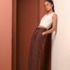 Crafted in fluid viscose, this two-piece set blends sculptural detailing with a modern, asymmetric silhouette. The one-shoulder top features soft center gathers, anchored by a signature metal grain-shaped pin for a refined accent. An elastic panel at the back ensures a secure, comfortable fit while maintaining a clean front shape.
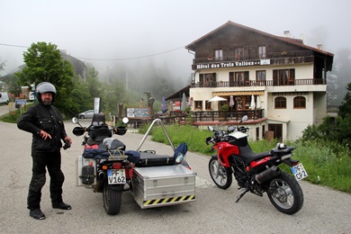 An diesem Tag war uns das Glück mit Übernachtungen nicht hold. Erst gegen 20:30h fanden wir in Beuil - im Hotel L'Esplanade - ein Zimmer. Wir freuten uns auf ein gutes Essen - doch dann folgte die französische Freundlichkeit: Die Küche hatte eben geschlossen, einige Gäste aßen noch! Bingo - wir waren den ganzen Tag nur gefahren und hatten fast nichts gegessen und dann soetwas. Die französische Hausherrin war nicht zu überreden. Da fiel uns ein, dass am Ortseingang von Beuil eine Kneipe/Pizzeria (Le Relais du Mercantour) war. Also schwangen wir uns nochmal aufs Gespann und fuhren dorthin. Das war die beste Entscheidung. Es war wieder ein Weltmeisterschaftsspiel, das vorort übertragen wurde. Wir verstanden wieder kein Wort, aber wir hatten sehr viel spass mit den Einheimischen, die uns immer irgendwas erzählten. Egal, die Pizza war lecker, der Wein genial und die Leute superfreundlich. Diesen Abend hätte das L'Esplanade nicht toppen können! |
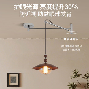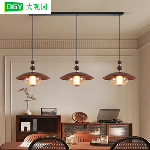 中古风餐厅吊灯美式复古2025新款木纹色饭厅吧台氛围感吊线灯668L
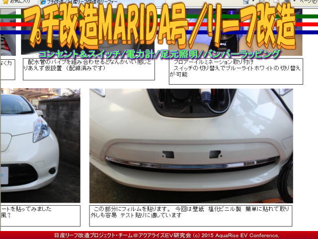 このアクアライズEV研究会のサイト検索は <日産リーフ改造>又は <リーフ改造>と入力してください。 『リーフカーラッピング』のYahoo!検索は、 ▼ここをクリック | ||||
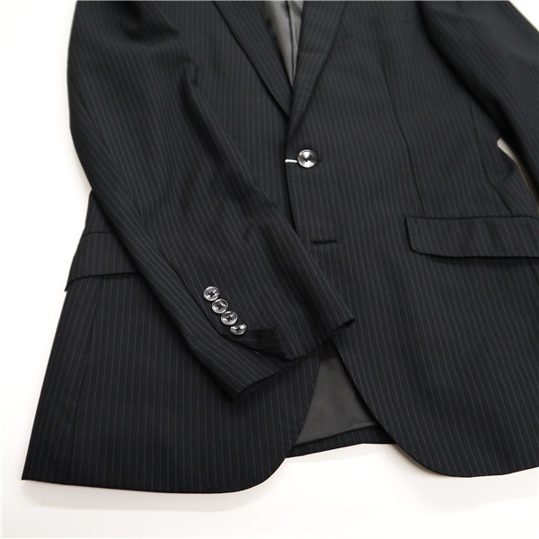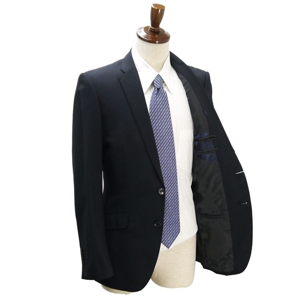 ・春秋冬対応。2つボタンシングル。総裏地仕上げ。センターベント。フラップポケット。ネーム刺繍なし。開き見せ。
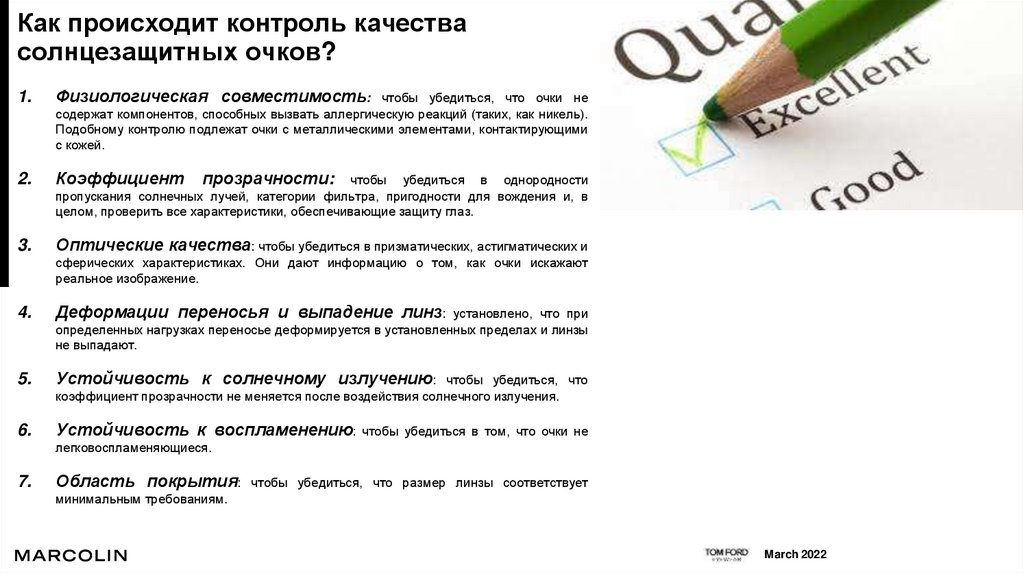целом, проверить все характеристики, обеспечивающие защиту глаз.
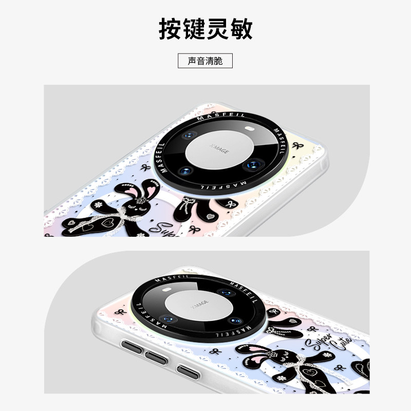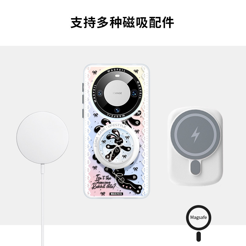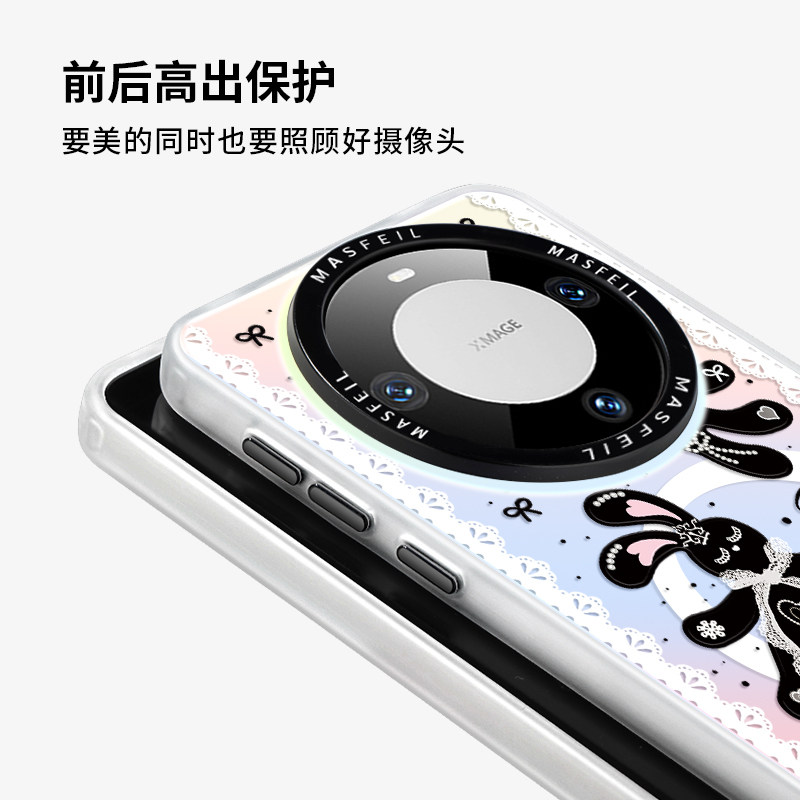 MASFEIL × 蕾丝兔子适用华为Mate60Pro手机壳磁吸带支架mate50/40保护套高级简约mete30新款por+全包网红女
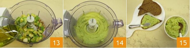 Enfin, versez l'huile 13 et mettez le mixeur en marche à vitesse moyenne jusqu'à obtenir une crème lisse et sans grumeaux 14. Transférez l'hummus d'avocat dans un bol de service, en ajoutant une pincée de graines de sésame blanches et noires 15. Votre hummus d'avocat est prêt à être dégusté !
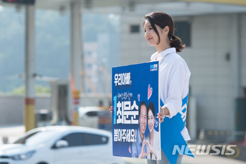 피켓 든 최문순 후보 자녀 최예린씨
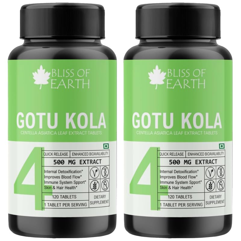 Bliss of Earth High Potency Brahmi Gotu Kola Extracts Tablets 500mg With Quick Release & Enhanced Bioavailability Brain & Nervous System Support 120 Tablet (Pack of 2)
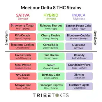 Unlike most Delta 8 THC vapes, TribeTokes’ smooth, potent and delicious oil is full spectrum – meaning it also contains other cannabinoids from the plant such as CBD, CBG and CBN for additional therapeutic benefits. Delta 8 does have mild psychoactive effects, so it is not suitable for customers under 21.
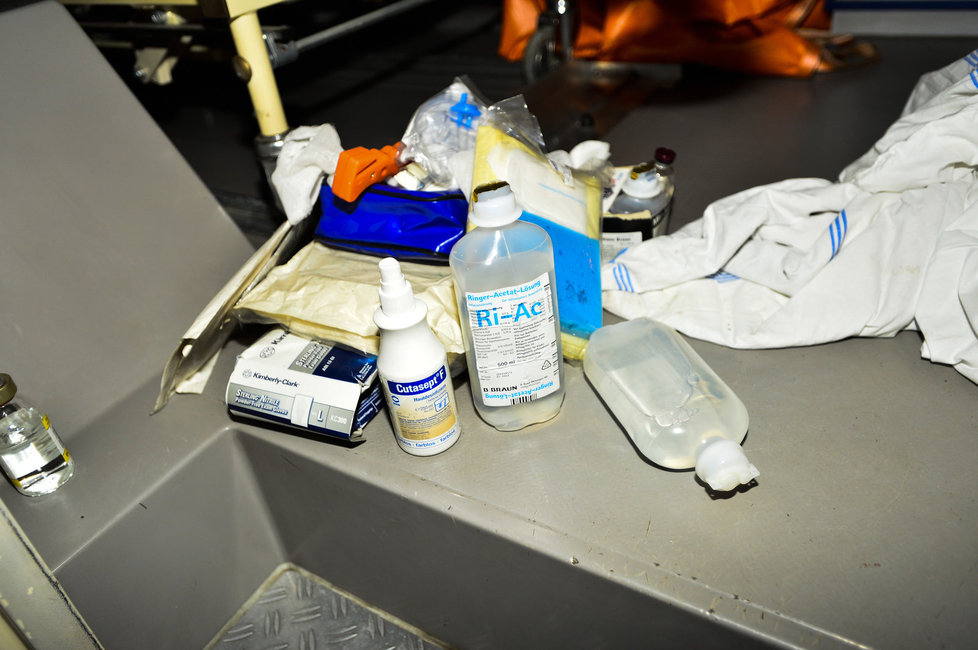 V sanitce XXL stačil napáchat škodu za několik desítek tisíc korun, protože namísto aby zkusil, zdali např. šuplíky nejdou otevřít normálním způsobem, je vypáčil apod. V prostěradle měl zabalený defibrilátor, léky a do spínací skřínky zapalování vrazil nůžky, chtěl s nimi vozidlo nastartovat a odjet, což se mu nepodařilo.
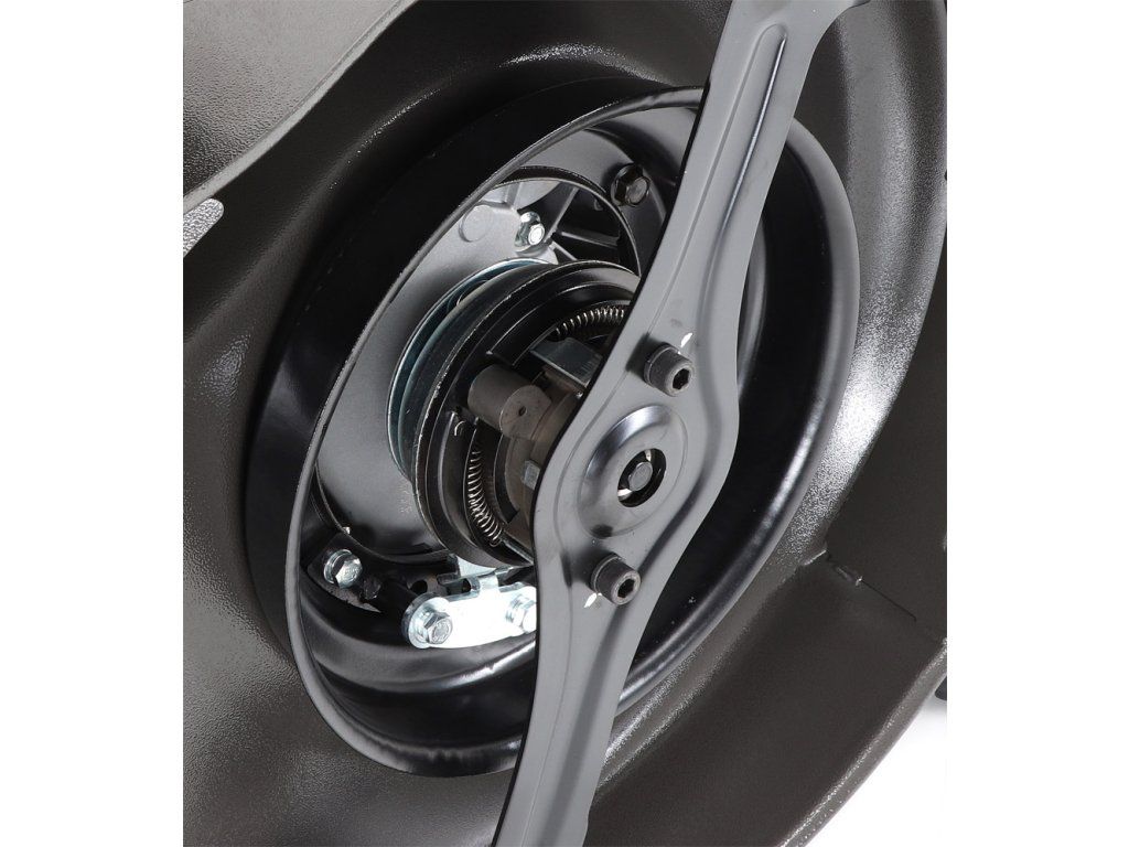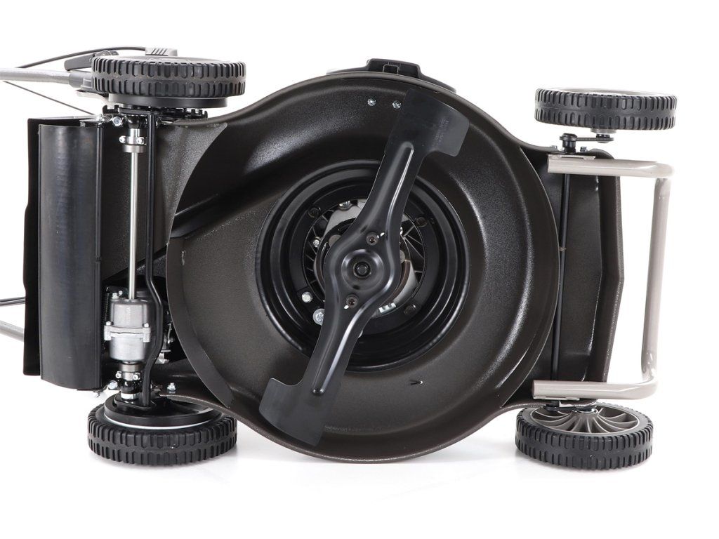 Pogumovaná sendvičová AL kola jsou uložena v oboustranných kuličkových ložiscích, centrální nastavení výšky sečení je u této značky samozřejmostí. Velkým nadstandardem u této sekačky je použita speciální profi BBC spojka nože,
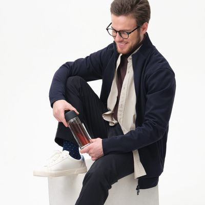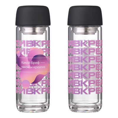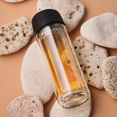 Стеклянная бутылка с двойными стенками позволит носить свежезаваренный чай с собой. Ситечко позволит заварить чай прямо в бутылке.
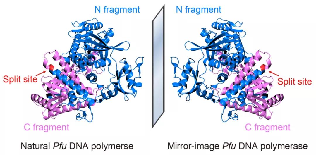 图1:利用分割蛋白质设计辅助合成镜像Pfu DNA聚合酶

☆ ☆ ☆

- Required work -
Your answer must be the records above, word for word, with every picture left out.

- Task output -
 Crafted in fluid viscose, this two-piece set blends sculptural detailing with a modern, asymmetric silhouette. The one-shoulder top features soft center gathers, anchored by a signature metal grain-shaped pin for a refined accent. An elastic panel at the back ensures a secure, comfortable fit while maintaining a clean front shape.
 An diesem Tag war uns das Glück mit Übernachtungen nicht hold. Erst gegen 20:30h fanden wir in Beuil - im Hotel L'Esplanade - ein Zimmer. Wir freuten uns auf ein gutes Essen - doch dann folgte die französische Freundlichkeit: Die Küche hatte eben geschlossen, einige Gäste aßen noch! Bingo - wir waren den ganzen Tag nur gefahren und hatten fast nichts gegessen und dann soetwas. Die französische Hausherrin war nicht zu überreden. Da fiel uns ein, dass am Ortseingang von Beuil eine Kneipe/Pizzeria (Le Relais du Mercantour) war. Also schwangen wir uns nochmal aufs Gespann und fuhren dorthin. Das war die beste Entscheidung. Es war wieder ein Weltmeisterschaftsspiel, das vorort übertragen wurde. Wir verstanden wieder kein Wort, aber wir hatten sehr viel spass mit den Einheimischen, die uns immer irgendwas erzählten. Egal, die Pizza war lecker, der Wein genial und die Leute superfreundlich. Diesen Abend hätte das L'Esplanade nicht toppen können! |
 中古风餐厅吊灯美式复古2025新款木纹色饭厅吧台氛围感吊线灯668L
 このアクアライズEV研究会のサイト検索は <日産リーフ改造>又は <リーフ改造>と入力してください。 『リーフカーラッピング』のYahoo!検索は、 ▼ここをクリック | ||||
 ・春秋冬対応。2つボタンシングル。総裏地仕上げ。センターベント。フラップポケット。ネーム刺繍なし。開き見せ。
целом, проверить все характеристики, обеспечивающие защиту глаз.
 MASFEIL × 蕾丝兔子适用华为Mate60Pro手机壳磁吸带支架mate50/40保护套高级简约mete30新款por+全包网红女
 Enfin, versez l'huile 13 et mettez le mixeur en marche à vitesse moyenne jusqu'à obtenir une crème lisse et sans grumeaux 14. Transférez l'hummus d'avocat dans un bol de service, en ajoutant une pincée de graines de sésame blanches et noires 15. Votre hummus d'avocat est prêt à être dégusté !
 피켓 든 최문순 후보 자녀 최예린씨
 Bliss of Earth High Potency Brahmi Gotu Kola Extracts Tablets 500mg With Quick Release & Enhanced Bioavailability Brain & Nervous System Support 120 Tablet (Pack of 2)
 Unlike most Delta 8 THC vapes, TribeTokes’ smooth, potent and delicious oil is full spectrum – meaning it also contains other cannabinoids from the plant such as CBD, CBG and CBN for additional therapeutic benefits. Delta 8 does have mild psychoactive effects, so it is not suitable for customers under 21.
 V sanitce XXL stačil napáchat škodu za několik desítek tisíc korun, protože namísto aby zkusil, zdali např. šuplíky nejdou otevřít normálním způsobem, je vypáčil apod. V prostěradle měl zabalený defibrilátor, léky a do spínací skřínky zapalování vrazil nůžky, chtěl s nimi vozidlo nastartovat a odjet, což se mu nepodařilo.
 Pogumovaná sendvičová AL kola jsou uložena v oboustranných kuličkových ložiscích, centrální nastavení výšky sečení je u této značky samozřejmostí. Velkým nadstandardem u této sekačky je použita speciální profi BBC spojka nože,
 Стеклянная бутылка с двойными стенками позволит носить свежезаваренный чай с собой. Ситечко позволит заварить чай прямо в бутылке.
 图1:利用分割蛋白质设计辅助合成镜像Pfu DNA聚合酶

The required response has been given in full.